Using the chain rule: \[\frac{\partial L}{\partial X[a,b]} = \sum_{i} \sum_{j} \frac{\partial L}{\partial Y[i,j]} \cdot \frac{\partial Y[i,j]}{\partial X[a,b]}\]

The key question is: which output positions \(Y[i,j]\) depend on input position \(X[a,b]\)?

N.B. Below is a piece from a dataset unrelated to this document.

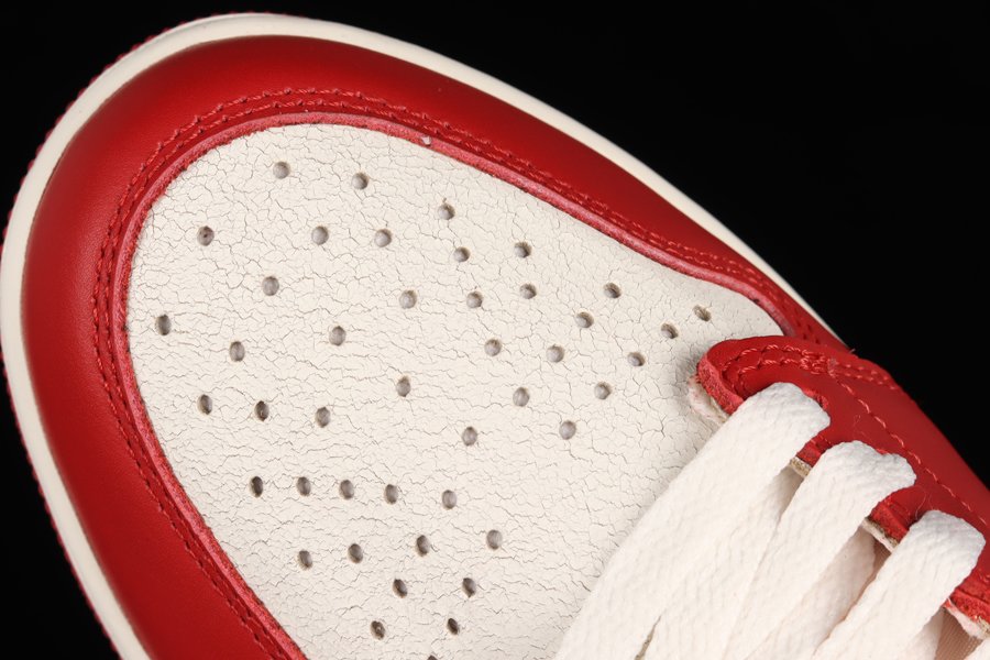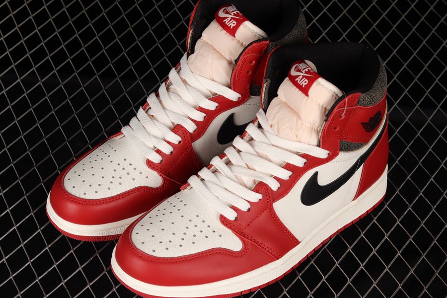 The Air Jordan 1 High OG “Chicago Reimagined” comes with a 1994 AJ1 release construction. Defined by a distinct heel shape, larger midfoot Swooshes and structured toeboxes. The shoe itself expresses the familiar “Varsity Red/Black/Sail/Muslin” colorway accented by cracked leather detailing. Elevating the shoe are off white tone midsoles paired with contrasting weathered red rubber outsoles.

Looking at our forward pass equation, \(Y[i,j]\) uses \(X[a,b]\) if \(a = i+h\) and \(b = j+w\) for some filter positions \((h,w)\). When this happens, we can compute the partial:

\[\frac{\partial Y[i,j]}{\partial X[a,b]} = \frac{\partial}{\partial X[a,b]} \left[ \sum_{h=0}^{HH-1} \sum_{w=0}^{WW-1} X[i+h, j+w] \cdot W[h,w] \right]\]

Since \(X[a,b]\) appears in this sum only when \(a = i+h\) and \(b = j+w\), the partial derivative picks out the coefficient of \(X[a,b]\): \[\frac{\partial Y[i,j]}{\partial X[a,b]} = W[h,w] \text{ where } h = a-i \text{ and } w = b-j\] Therefore: \[\frac{\partial Y[i,j]}{\partial X[a,b]} = W[a-i, b-j]\] Let's clarify what each variable represents:

So \(W[a-i, b-j]\) tells us: "What filter weight was multiplied by input position \((a,b)\) when computing output position \((i,j)\)?"

Therefore: \[\frac{\partial L}{\partial X[a,b]} = \sum_{i}\sum_{j} \frac{\partial L}{\partial Y[i,j]} \cdot W[a-i, b-j]\]

Now, technically we need to be careful about which \((i,j)\) values to sum over (since not all output positions use every input position), but this leads to complex bounds checking that makes the equation unwieldy. The beauty of the padding approach we'll show next is that it eliminates the need for explicit bounds checking entirely, the padding and convolution structure handle all the boundary conditions automatically.

Recognizing the convolution

Let's substitute \(h = a-i\) and \(w = b-j\) to reveal the structure:

\[\frac{\partial L}{\partial X[a,b]} = \sum_{h} \sum_{w} \frac{\partial L}{\partial Y[a-h, b-w]} \cdot W[h,w]\]

This is exactly the definition of convolution! Which becomes obvious when you compare it with the standard convolution equation:

\[(X * W)[i,j] = \sum_{h} \sum_{w} X[i-h, j-w] \cdot W[h,w]\] This means that our gradient computation can be re-written as a sliding of the flipped filters, since that's what convolution does, whereas cross-correlation slides the non-flipped filter, as we saw at the beginning.

Therefore, our gradient computation is: \[\frac{\partial L}{\partial X} = \frac{\partial L}{\partial Y} * W_{flipped}\]

where \(W_{flipped}\) is the filter rotated 180 degrees (flipped both horizontally and vertically).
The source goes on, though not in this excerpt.